3) “Eleição” se refere especificamente à escolha de Deus para salvação, enquanto “predestinação” se relaciona
mais com a doutrina da santificação. Descrentes são eleitos para salvação, enquanto crentes são predestinados para
santificação. Predestinação se trata do destino final do crente.
4) A Bíblia nunca afirma a predestinação ou eleição de alguns para o inferno. A ênfase divina está sempre na
misericórdia de Deus que resgata alguns da certeza de destruição eterna.
5) Deus ordena tanto o fato da salvação como o meio; sem a pregação feita por homens (não anjos!) junto com
a oração, ninguém será salvo.
6) Não se fala desta doutrina para descrentes. Esse é um “segredo da família”. A Bíblia nos ensina sobreeleição
e predestinação por pelo menos duas razões:
a) O cristão necessita perceber que sua fé descansa completamente sobre a obra de Deus
b) O cristão precisa entender que Deus nos escolheu para sermos santos e irrepreensíveis perante Ele.
Eleição não é apenas para salvação, mas para santidade de vida (Foulkes, 40)

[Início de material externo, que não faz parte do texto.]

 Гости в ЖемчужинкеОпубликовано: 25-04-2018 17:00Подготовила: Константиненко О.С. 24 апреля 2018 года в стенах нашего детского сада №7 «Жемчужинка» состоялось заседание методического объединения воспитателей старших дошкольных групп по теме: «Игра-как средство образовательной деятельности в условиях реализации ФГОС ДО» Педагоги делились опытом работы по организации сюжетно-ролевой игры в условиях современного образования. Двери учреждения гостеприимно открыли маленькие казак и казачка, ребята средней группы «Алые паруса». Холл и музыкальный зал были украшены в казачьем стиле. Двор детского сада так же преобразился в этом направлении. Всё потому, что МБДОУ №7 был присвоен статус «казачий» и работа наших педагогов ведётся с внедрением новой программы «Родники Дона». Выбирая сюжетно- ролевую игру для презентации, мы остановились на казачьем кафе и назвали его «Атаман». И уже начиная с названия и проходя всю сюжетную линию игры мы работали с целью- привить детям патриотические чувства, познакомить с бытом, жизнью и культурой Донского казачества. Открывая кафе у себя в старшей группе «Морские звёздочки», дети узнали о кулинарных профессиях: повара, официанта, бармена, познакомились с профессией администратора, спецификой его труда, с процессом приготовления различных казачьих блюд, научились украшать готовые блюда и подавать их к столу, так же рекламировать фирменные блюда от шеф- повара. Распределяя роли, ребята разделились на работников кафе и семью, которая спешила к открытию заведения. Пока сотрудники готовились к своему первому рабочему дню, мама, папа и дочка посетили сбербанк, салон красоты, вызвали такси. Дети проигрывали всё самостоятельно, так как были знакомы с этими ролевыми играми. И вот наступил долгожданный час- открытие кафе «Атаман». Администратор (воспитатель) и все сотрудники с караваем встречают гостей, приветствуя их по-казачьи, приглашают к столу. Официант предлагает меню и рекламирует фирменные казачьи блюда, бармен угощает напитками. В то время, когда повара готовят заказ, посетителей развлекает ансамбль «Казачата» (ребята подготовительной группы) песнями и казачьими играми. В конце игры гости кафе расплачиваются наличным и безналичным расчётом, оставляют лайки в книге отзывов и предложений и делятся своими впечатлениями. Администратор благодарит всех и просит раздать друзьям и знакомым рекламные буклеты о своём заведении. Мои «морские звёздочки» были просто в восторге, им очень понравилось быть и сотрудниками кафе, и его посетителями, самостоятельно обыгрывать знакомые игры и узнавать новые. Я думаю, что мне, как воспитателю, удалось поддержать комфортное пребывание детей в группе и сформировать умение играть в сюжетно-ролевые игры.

7) A atitude de submissão e humildade é absolutamente necessária para apreciarmos esta doutrina. O homem
orgulhoso não quer ouvir que ele não contribui nada enquanto Deus é tudo!
Objeções à Doutrina:
1) Acaba com o "livre arbítrio" do homem.
a) Adão e Eva realmente estavam "livres"
b) Depois da Queda, também ficamos livres – só que, livres para agir de acordo com nossa natureza
pecaminosa e NÃO livres para obedecer de coração a Deus
c) Ser livre para agir de acordo com nossa natureza pecaminosa significa que não somos livres para agir
contra ela (i.e., escolher a Deus; cf. Ef 2:1-4, 11-13).

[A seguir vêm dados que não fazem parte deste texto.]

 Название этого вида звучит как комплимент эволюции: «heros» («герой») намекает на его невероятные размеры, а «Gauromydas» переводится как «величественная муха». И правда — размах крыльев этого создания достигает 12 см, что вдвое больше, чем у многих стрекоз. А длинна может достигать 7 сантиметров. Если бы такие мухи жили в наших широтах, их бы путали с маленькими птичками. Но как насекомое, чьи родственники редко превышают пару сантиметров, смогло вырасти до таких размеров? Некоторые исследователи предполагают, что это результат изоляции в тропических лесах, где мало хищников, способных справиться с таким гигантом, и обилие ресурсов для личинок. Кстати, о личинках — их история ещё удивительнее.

d) Deus precisa interferir com nossa "liberdade" pecaminosa para nos "arrastar" para o Evangelho (Jo
6:44)
e) Eleição resgata a livre vontade do homem, pois faz dele uma nova criatura (2Co 5:17) que é capaz de
agir dentro de uma nova natureza.
2) Não é justo.
a) É mais que justo: Todos merecem o inferno pela justiça de Deus. Mas Cristo satisfez a justiça de
Deus quando tomou sobre si nossos pecados e nosso castigo. O fato de que Deus salva alguns é devido à sua
misericórdia. Veja Rm 9:14-24.
b) A pergunta que devo fazer não é "Por que Deus não escolheu fulano?", mas "Por que Deus me
escolheu?"
3) Acaba com a responsabilidade humana (evangelismo, oração, etc.)
a) Pelo contrário, o entendimento correto de eleição garante o sucesso do evangelismo!

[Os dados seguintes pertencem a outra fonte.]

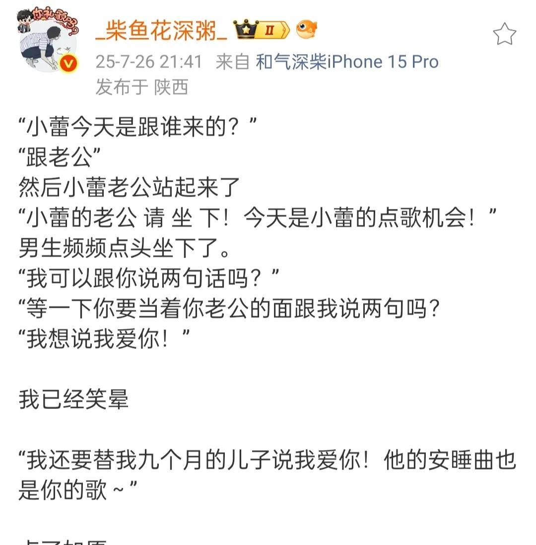 周深西安演唱会第一场点歌环节! 第一位西安的小雷! 周深:怎么称呼您? 小雷:叫我宝贝! 周深:这两个字从我的字典中从来没有出现过!换一个! 第一次听周深的歌是上大学的时候《化身孤岛的鲸》,是跟她老公(小张)一起来的! 还跟周深说了“我爱你”[笑哭] 点的是《如愿》 第二位还是西安的朋友佳佳,一位男歌迷! 一上来就“深深,爱你”[笑哭] 好热情的西安朋友! 是跟他女儿一起来的! 佳佳:我非常支持她,因为深深是非常优质的偶像! 点的是《漂流过海来看你》 #周深# #周深演唱会#

b) Temos a garantia de Deus de que alguns certamente crerão (cf. At 18:10)!
c) Se não fosse essa doutrina, ninguém por si mesmo escolheria a Deus (Ef. 2:1-3, 11-13)
d) Todos nós concordamos com esta doutrina, se não intelectualmente, pelo menos nas nossas orações
quando oramos, "Senhor, salva _____________".
4) A doutrina pode levar alguns a viver como o diabo
a) A doutrina de eleição é sempre um estímulo à santidade (Ef 1:4)
b) O fato de que alguns abusam a doutrina não a anula.